* [What this task involves] Once the line with "要计算原问题 f(10),就需要先计算出子问题 f(9) 和 f(8)" is found in the entries below, print it and each following line exactly, stopping after the line with "Samochód Jeep Liberty"; print nothing else.

* [Input data]
■ ■ ■ ■ ■ ■ ■

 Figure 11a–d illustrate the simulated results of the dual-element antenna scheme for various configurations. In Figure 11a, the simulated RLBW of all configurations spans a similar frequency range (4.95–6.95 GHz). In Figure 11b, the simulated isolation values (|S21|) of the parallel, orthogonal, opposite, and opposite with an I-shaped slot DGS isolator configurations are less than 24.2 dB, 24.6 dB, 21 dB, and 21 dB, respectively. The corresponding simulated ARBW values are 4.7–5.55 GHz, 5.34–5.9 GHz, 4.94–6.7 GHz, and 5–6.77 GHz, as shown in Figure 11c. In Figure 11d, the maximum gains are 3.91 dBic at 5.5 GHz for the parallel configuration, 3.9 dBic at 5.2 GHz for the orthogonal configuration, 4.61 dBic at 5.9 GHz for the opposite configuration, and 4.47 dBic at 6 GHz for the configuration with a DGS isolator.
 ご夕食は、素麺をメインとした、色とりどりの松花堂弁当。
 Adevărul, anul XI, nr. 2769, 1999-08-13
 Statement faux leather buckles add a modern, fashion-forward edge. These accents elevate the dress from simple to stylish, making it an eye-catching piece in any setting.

■ ■ ■ ■ ■ ■ ■

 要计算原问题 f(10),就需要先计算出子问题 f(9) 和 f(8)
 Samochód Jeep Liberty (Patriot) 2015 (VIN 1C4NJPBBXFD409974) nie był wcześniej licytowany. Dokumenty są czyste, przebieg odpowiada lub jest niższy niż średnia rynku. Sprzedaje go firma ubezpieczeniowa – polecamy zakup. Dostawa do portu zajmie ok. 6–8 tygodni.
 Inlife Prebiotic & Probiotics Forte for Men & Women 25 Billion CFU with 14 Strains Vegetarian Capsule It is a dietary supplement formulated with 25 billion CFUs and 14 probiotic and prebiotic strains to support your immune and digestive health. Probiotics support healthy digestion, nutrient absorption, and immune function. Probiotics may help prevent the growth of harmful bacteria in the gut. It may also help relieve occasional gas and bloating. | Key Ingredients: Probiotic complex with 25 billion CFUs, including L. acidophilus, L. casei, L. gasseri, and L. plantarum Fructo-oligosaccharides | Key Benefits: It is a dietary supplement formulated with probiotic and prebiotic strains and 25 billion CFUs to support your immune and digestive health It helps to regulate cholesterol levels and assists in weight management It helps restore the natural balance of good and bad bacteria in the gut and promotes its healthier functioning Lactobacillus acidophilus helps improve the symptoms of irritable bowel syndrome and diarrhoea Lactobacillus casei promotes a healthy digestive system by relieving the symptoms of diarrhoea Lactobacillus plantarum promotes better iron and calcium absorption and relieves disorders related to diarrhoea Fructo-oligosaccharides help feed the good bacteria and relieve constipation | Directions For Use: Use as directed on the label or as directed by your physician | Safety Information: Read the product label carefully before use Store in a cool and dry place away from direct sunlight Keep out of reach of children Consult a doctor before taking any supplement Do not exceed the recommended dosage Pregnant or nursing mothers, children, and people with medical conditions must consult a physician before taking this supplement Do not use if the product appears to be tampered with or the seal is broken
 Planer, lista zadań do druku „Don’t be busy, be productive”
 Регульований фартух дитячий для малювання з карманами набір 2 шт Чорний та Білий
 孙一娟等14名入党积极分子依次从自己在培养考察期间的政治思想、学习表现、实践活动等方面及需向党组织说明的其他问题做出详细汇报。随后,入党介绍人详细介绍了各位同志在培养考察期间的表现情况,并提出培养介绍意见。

■ ■ ■ ■ ■ ■ ■

* [Solved problem]
 要计算原问题 f(10),就需要先计算出子问题 f(9) 和 f(8)
 Samochód Jeep Liberty (Patriot) 2015 (VIN 1C4NJPBBXFD409974) nie był wcześniej licytowany. Dokumenty są czyste, przebieg odpowiada lub jest niższy niż średnia rynku. Sprzedaje go firma ubezpieczeniowa – polecamy zakup. Dostawa do portu zajmie ok. 6–8 tygodni.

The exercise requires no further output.